Voilà qui nous mène à l’imposant Montaigne manuscrit. Ruse suprême, modestie suprême, Alain Legros ne souffle mot des Essais ni des annotations 26sur l’Exemplaire de Bordeaux dans ce fort volume de 882 pages. En parallèle, Legros édite et transcrit Montaigne, il donne ainsi, dans sa mémorable édition du chapitre « Des Prières », les sept premiers états du texte11. Legros propose, sur l’excellent site BVH-Monloe, des éditions de textes de Montaigne en plusieurs versions. Trois (diplomatique, régularisée, modernisée) pour le Beuther, et même cinq pour le chapitre « De la force de l’imagination » (diplomatique d’EB en l’état, régularisée d’EB en l’état, conjecturale d’EB avec l’aide de 1595, avec modernisation des graphies d’EB restauré, traduction conjointe EB-1595). Jamais on ne s’est approché aussi près du geste même de Montaigne écrivant, jamais Alain Legros n’a autant écrit Montaigne. Dans un article significativement intitulé « Nous deux, mais c’était lui ou moi » – le sous-titre rassure le lecteur : « Montaigne et/ou La Boétie » – Legros explique que « les deux propositions causales » de la formule fameuse du chapitre « De l’Amitié », « parce que c’était lui, parce que c’était moi », « ont été écrites à des moments différents, comme en fait foi la différence des encres12 ». Comme l’on voit, Legros s’est considérablement rapproché des Essais, il est en fait entré au cœur du livre. Nous sommes passés des fortins à la citadelle. Mais ainsi insérés dans un très vaste procès d’écriture, rapportés à leur condition matérielle, à l’espace de la « librairie » où ils furent écrits ou dictés, rapportés aux temps hachés et discontinus où ils furent imaginés, écrits, réécrits, sans cesse remaniés, les Essais sonnent tout autrement.
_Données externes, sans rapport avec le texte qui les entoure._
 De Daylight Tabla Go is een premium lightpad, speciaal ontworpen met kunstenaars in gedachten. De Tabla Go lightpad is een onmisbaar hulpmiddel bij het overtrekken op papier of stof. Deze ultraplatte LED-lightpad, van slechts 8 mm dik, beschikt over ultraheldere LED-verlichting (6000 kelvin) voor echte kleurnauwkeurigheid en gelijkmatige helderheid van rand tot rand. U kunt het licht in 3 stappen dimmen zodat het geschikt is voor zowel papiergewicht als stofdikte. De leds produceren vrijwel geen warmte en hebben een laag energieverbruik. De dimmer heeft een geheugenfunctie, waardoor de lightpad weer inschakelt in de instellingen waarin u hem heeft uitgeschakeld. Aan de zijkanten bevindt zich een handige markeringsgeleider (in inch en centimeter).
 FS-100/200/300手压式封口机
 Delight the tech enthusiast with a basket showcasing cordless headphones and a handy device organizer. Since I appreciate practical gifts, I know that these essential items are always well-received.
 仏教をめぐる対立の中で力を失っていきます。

Alain Legros, auteur des Essais ? « À chaque lecture », écrit Gérard Genette, « chaque livre est mentalement “réécrit” par son lecteur comme Ménard réécrivit le Quichotte. Ainsi, l’infatigable fable borgésienne est peut-être moins une parabole sophistiquée de la littérature, qu’une description fidèle et somme toute évidente de l’acte de lire13 ». Lire, c’est réécrire. Les lectures, matérielles et littéraires, philologiques et philosophiques, qu’Alain Legros a effectuées pour lui-même et rendues possibles pour nous peuvent, à bon droit, et si l’on suit Borges commenté par Genette, lui être restituées à titre d’auteur. Alain Legros, auteur des Essais.
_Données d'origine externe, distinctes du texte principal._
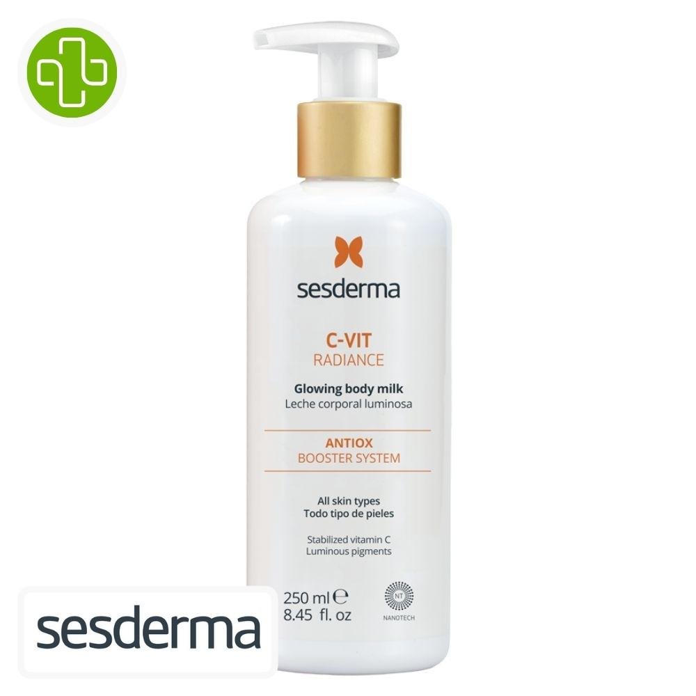 Découvrez le Lait Corporel C-Vit Radiance de Sesderma, votre allié quotidien pour une peau visiblement plus jeune et lumineuse. Conçu pour hydrater et illuminer les peaux ternes, ce soin offre une dose puissante de vitamine C stable, reconnue pour son action antioxydante. Il combat efficacement le manque de vitalité, unifie le teint et restaure l’éclat naturel de votre corps. Sa formule soyeuse, rapidement absorbée, laisse la peau nourrie, saine et dotée d’une lueur instantanée grâce à ses pigments éclatants. Son parfum délicieux d’orange rend l’application addictive.BénéficesIllumine et revitalise les peaux ternes, leur apportant vitalité et un aspect uniforme.Rend la peau douce, rayonnante et éclatante.Intensifie et rehausse le bronzage pour un effet bonne mine.Offre un effet non collant grâce à ses pigments lumineux qui masquent les imperfections.Assure une hydratation multicouche et intensive.Agit comme un puissant antioxydant, s’opposant à l’action des radicaux libres et aidant à stopper le vieillissement prématuré.Améliore la douceur et l’élasticité de la peau en stimulant la synthèse de collagène.Combat les signes de fatigue et aide à prévenir l’apparition des rides.Formulé avec des principes actifs encapsulés dans des liposomes pour une pénétration plus profonde et une efficacité accrue.Actifs clésVitamine C stable: Puissant antioxydant et illuminateur, elle aide à combattre le vieillissement prématuré et à unifier le teint.Huile de sésame: Reconnue pour ses propriétés nourrissantes, elle contribue à l’hydratation de la peau.Acide hyaluronique: Offre une hydratation intense et aide à maintenir la souplesse de la peau.Pigments lumineux: Reflètent la lumière pour un éclat instantané et masquent visuellement les imperfections.Conseils d’utilisationAppliquer sur une peau propre en massant doucement jusqu’à absorption complète.Insister particulièrement sur les zones que vous souhaitez accentuer (jambes, bras, décolleté).Pour booster son effet, il est recommandé de réaliser une exfoliation préalable avec ABRADERMOL une fois par semaine.Précautions d’emploiContient de la vitamine A. Tenir compte de votre apport quotidien avant utilisation.

27Jorge-Luis Borges écrivit dans un poème de la fin des années 1960 : « Que d’autres se targuent des pages qu’ils ont écrites / Moi je suis fier de celles que j’ai lues14 ». Plus fier encore doit être Alain Legros, qui non seulement a lu Montaigne comme personne, mais nous l’a généreusement donné et nous le donne encore à lire.
Merci Alain.
Thomas Mollier et Bernard Sève
Université de Lille
1 Jorge Luis Borges, « Pierre Ménard, auteur du Quichotte », Fictions, in Œuvres complètes, Gallimard, La Pléiade, t. I, 1993, p. 469.
2 Ibid., p. 470.
3 Ibid., p. 471.
4 Ibid., p. 471.
5 « La vérité, dont la mère est l’histoire » écrit Ménard reproduisant une phrase rhétorique de Cervantes (Don Quichotte, I, chapitre 9) ; Borges commente : « L’histoire, mère de la vérité : l’idée est stupéfiante », en soulignant que Ménard est contemporain de William James (« Pierre Ménard, auteur du Quichotte », op. cit., p. 473).
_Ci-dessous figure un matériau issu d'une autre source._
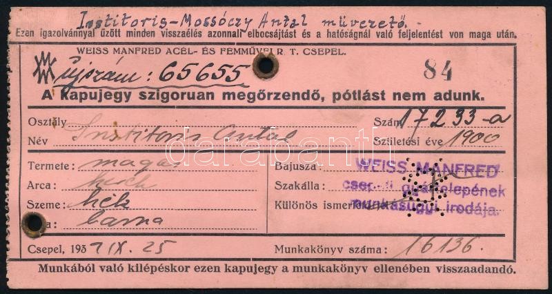 1937 A csepeli Weiss Manfréd Művek fényképes kapujegye művezető részér... https://www.darabanth.com/de/371-Fernauktion/371.0/Kunst-Dokumente-andere-Sammelgebiete/Dokument~500017/1937-A-csepeli-Weiss-Manfred-Muvek-fenykepes-kapujegye-muvezeto-reszere-szep-allapotban~II2165589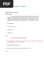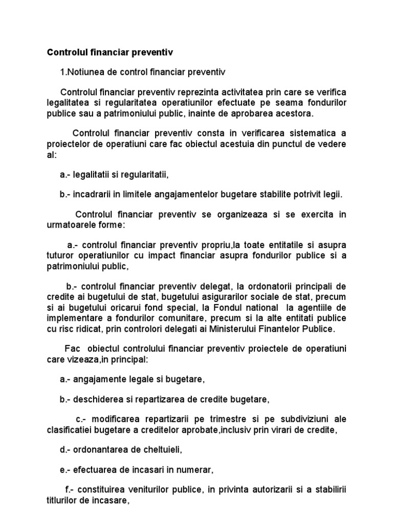Notiunea de control financiar preventiv Controlul financiar preventiv reprezinta activitatea prin care se verifica legalitatea si regularitatea operatiunilor efectuate pe seama fondurilor publice sau a patrimoniului public, inainte de aprobarea acestora. Controlul financiar preventiv consta in verificarea sistematica a proiectelor de operatiuni care fac obiectul acestuia din punctul de vedere al: a.- legalitatii si regularitatii, b.- incadrarii in limitele angajamentelor bugetare stabilite potrivit legii. Controlul financiar preventiv se organizeaza si se exercita in urmatoarele forme: a.- controlul financiar preventiv propriu,la toate entitatile si asupra tuturor operatiunilor cu impact financiar asupra fondurilor publice si a patrimoniului public, b.- controlul financiar preventiv delegat, la ordonatorii principali de credite ai bugetului de stat, bugetului asigurarilor sociale de stat, precum si ai bugetului oricarui fond special, la Fondul national la agentiile de implementare a fondurilor comunitare, precum si la alte entitati publice cu risc ridicat, prin controlori delegati ai Ministerului Finantelor Publice. Fac obiectul controlului financiar preventiv proiectele de operatiuni care vizeaza,in principal: a.- angajamente legale si bugetare, b.- deschiderea si repartizarea de credite bugetare, c.- modificarea repartizarii pe trimestre si pe subdiviziuni ale clasificatiei bugetare a creditelor aprobate,inclusiv prin virari de credite, d.- ordonantarea de cheltuieli, e.- efectuarea de incasari in numerar, f.- constituirea veniturilor publice, in privinta autorizarii si a stabilirii titlurilor de incasare,

6 Milan Kundera, L’Art du roman, Gallimard, Folio, 1986, p. 16.
7 Ibid., p. 17.
8 Alain Legros, Essais sur poutres, Peintures et inscription chez Montaigne, Klincksieck, 2000.
9 Alain Legros, Montaigne manuscrit, Garnier, 2010, p. 153.
10 Alain Legros, Montaigne manuscrit, op. cit., p. 13.
11 Montaigne, Essais, I, 56, « Des Prières », édition annotée des sept premiers états du texte avec étude de genèse et commentaires par Alain Legros, Droz, 2003.
12 Alain Legros, « Nous deux, mais c’était lui ou moi (Montaigne et/ou La Boétie) », Genesis, no 29, 2008, p. 159-164 ; voir notamment les notes 3 et 6.
13 Gérard Genette, « Pierre Ménard, notre ami et ses confrères », Fabula LHT, no 17, juillet 2016, Lire avec Ménard.
14 Jorge-Luis Borges, « Éloge de l’ombre » (1967-1969), Œuvres complètes, Gallimard, La Pléiade, t. II, 2010, p. 184.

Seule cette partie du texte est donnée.